ABOUT THIS TASK:
The expected output is each line from the one containing "ผ่านการทดสอบเพชร VVS เพชรเลี้ยงในห้องปฏิบัติการ" to the last line of the data below, set down exactly, minus the pictures.

RAW DATA:
::::

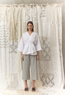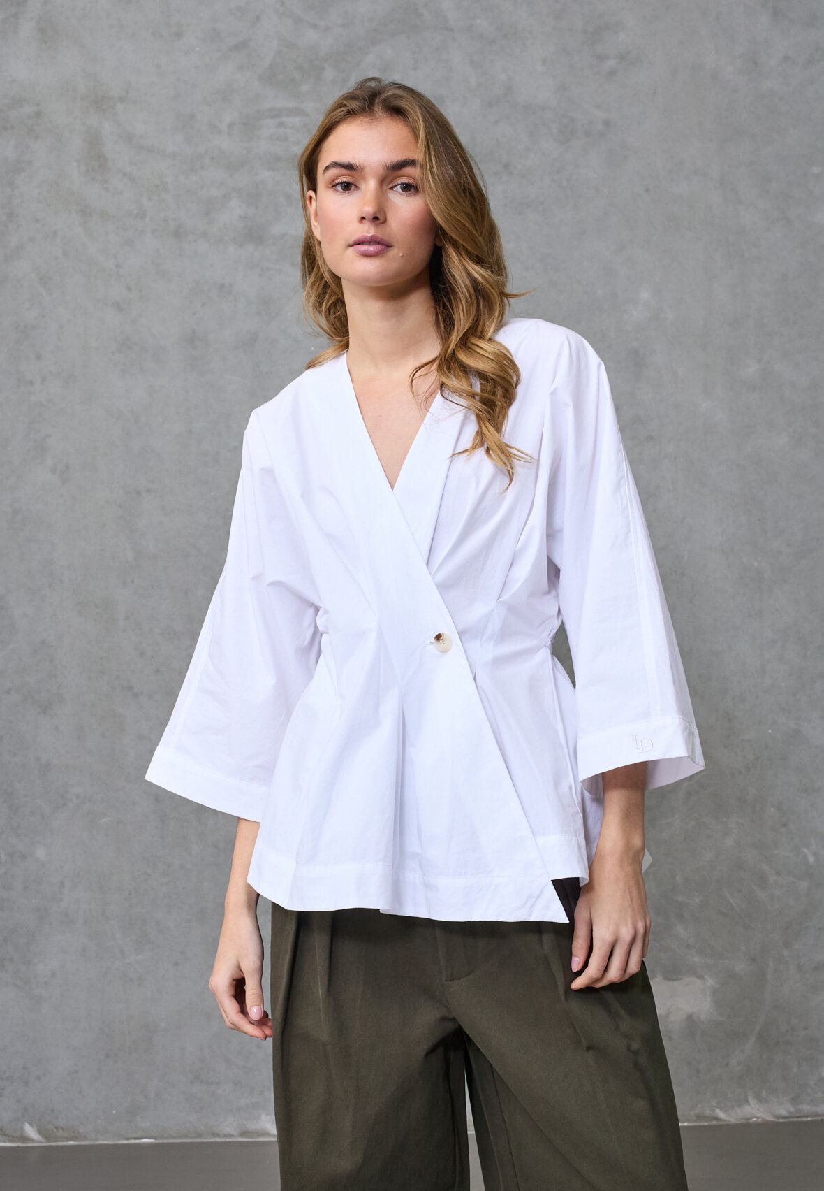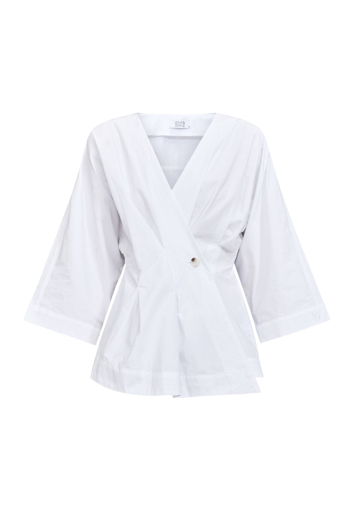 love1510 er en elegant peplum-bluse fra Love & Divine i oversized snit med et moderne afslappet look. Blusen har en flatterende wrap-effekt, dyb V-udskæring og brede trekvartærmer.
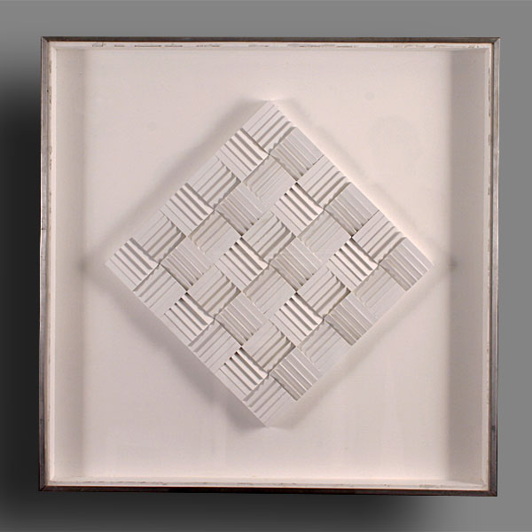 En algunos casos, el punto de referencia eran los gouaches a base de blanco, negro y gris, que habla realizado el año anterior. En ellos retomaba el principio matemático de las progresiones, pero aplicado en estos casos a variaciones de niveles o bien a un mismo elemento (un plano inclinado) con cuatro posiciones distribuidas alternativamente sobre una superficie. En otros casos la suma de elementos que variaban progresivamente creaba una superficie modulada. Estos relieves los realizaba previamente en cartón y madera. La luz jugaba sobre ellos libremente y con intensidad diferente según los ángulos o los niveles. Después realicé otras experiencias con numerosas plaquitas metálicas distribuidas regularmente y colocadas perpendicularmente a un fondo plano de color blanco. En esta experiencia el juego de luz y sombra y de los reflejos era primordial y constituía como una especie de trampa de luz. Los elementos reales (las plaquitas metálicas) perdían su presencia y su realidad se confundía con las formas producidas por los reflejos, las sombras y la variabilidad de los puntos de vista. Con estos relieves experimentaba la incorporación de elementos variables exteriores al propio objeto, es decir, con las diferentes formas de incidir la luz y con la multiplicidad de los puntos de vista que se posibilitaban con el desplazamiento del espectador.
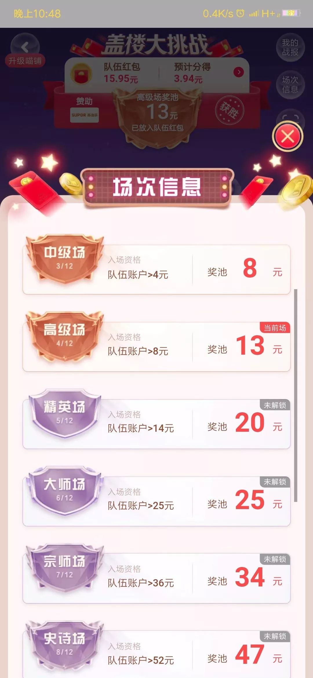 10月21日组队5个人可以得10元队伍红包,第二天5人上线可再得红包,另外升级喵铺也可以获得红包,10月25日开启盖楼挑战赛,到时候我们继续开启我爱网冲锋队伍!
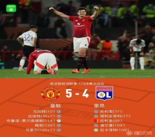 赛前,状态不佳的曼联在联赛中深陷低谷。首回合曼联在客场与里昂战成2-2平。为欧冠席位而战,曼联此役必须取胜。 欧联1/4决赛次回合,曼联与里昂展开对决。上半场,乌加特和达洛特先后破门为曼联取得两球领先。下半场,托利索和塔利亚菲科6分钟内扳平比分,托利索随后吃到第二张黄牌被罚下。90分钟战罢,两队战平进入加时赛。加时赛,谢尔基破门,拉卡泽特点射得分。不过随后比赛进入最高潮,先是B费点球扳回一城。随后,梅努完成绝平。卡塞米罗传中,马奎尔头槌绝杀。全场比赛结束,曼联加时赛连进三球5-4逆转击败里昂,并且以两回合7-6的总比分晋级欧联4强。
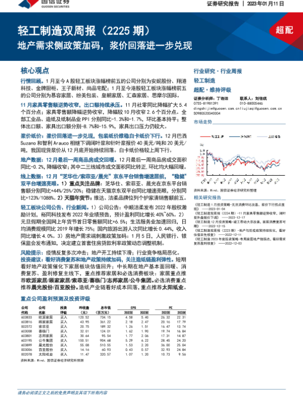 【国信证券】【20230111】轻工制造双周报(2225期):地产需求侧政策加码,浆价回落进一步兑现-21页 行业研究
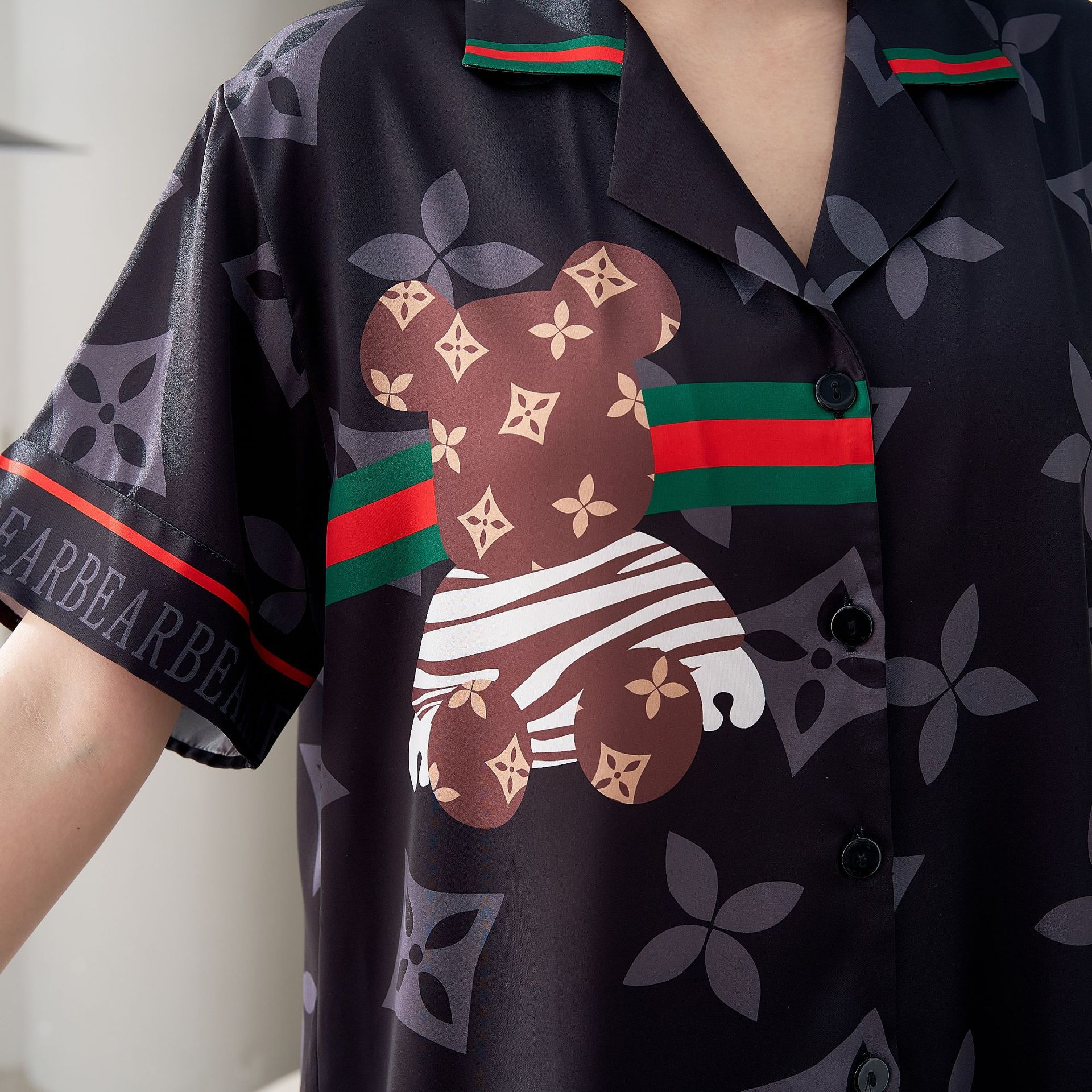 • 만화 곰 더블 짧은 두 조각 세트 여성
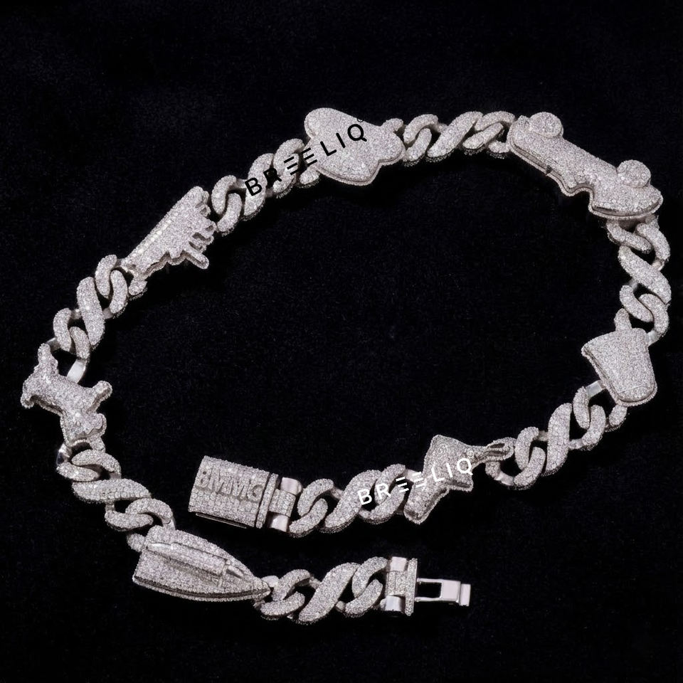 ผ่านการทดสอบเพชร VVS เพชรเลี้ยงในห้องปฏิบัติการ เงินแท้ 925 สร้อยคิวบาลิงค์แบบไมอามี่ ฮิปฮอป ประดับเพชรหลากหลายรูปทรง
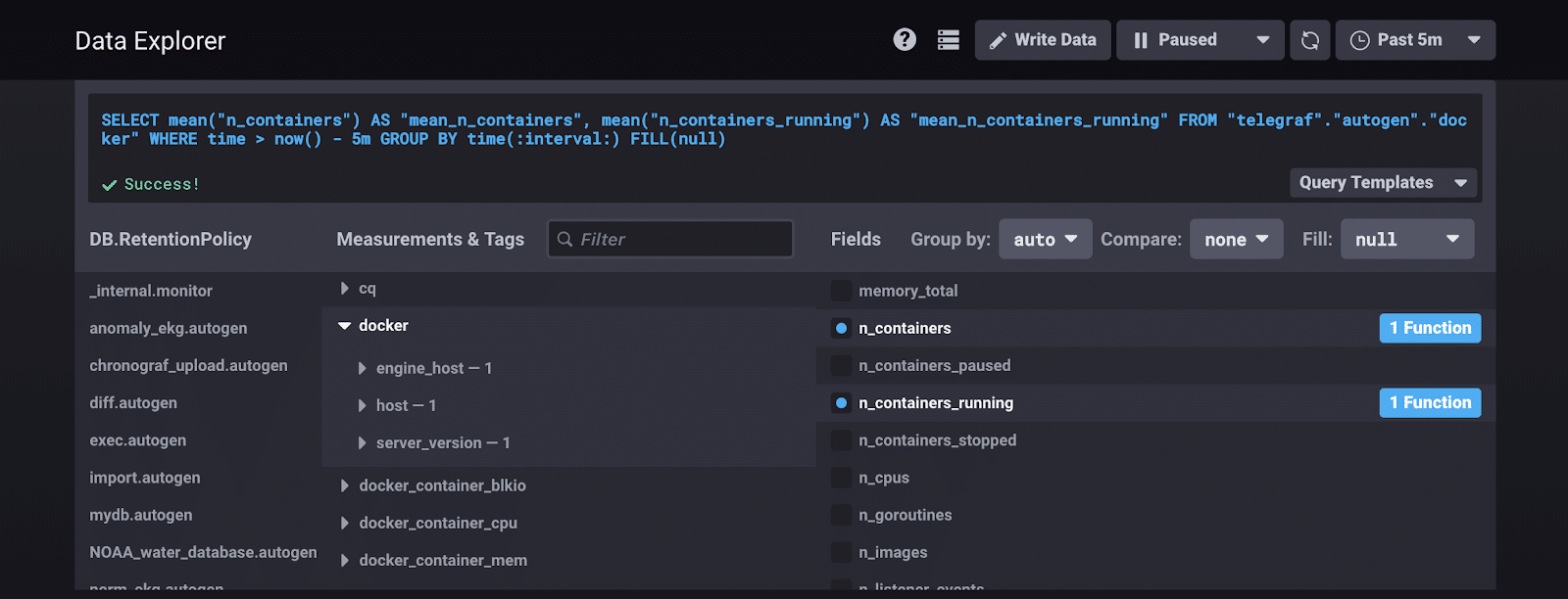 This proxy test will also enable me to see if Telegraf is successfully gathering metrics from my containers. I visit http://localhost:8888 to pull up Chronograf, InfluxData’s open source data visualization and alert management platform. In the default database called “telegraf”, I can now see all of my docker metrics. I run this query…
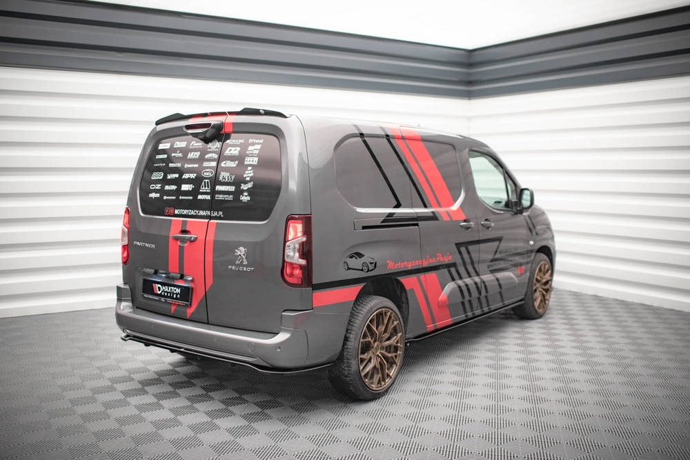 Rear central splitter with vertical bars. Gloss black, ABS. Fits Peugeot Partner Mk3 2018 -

::::

OUTPUT:
 ผ่านการทดสอบเพชร VVS เพชรเลี้ยงในห้องปฏิบัติการ เงินแท้ 925 สร้อยคิวบาลิงค์แบบไมอามี่ ฮิปฮอป ประดับเพชรหลากหลายรูปทรง
 This proxy test will also enable me to see if Telegraf is successfully gathering metrics from my containers. I visit http://localhost:8888 to pull up Chronograf, InfluxData’s open source data visualization and alert management platform. In the default database called “telegraf”, I can now see all of my docker metrics. I run this query…
 Rear central splitter with vertical bars. Gloss black, ABS. Fits Peugeot Partner Mk3 2018 -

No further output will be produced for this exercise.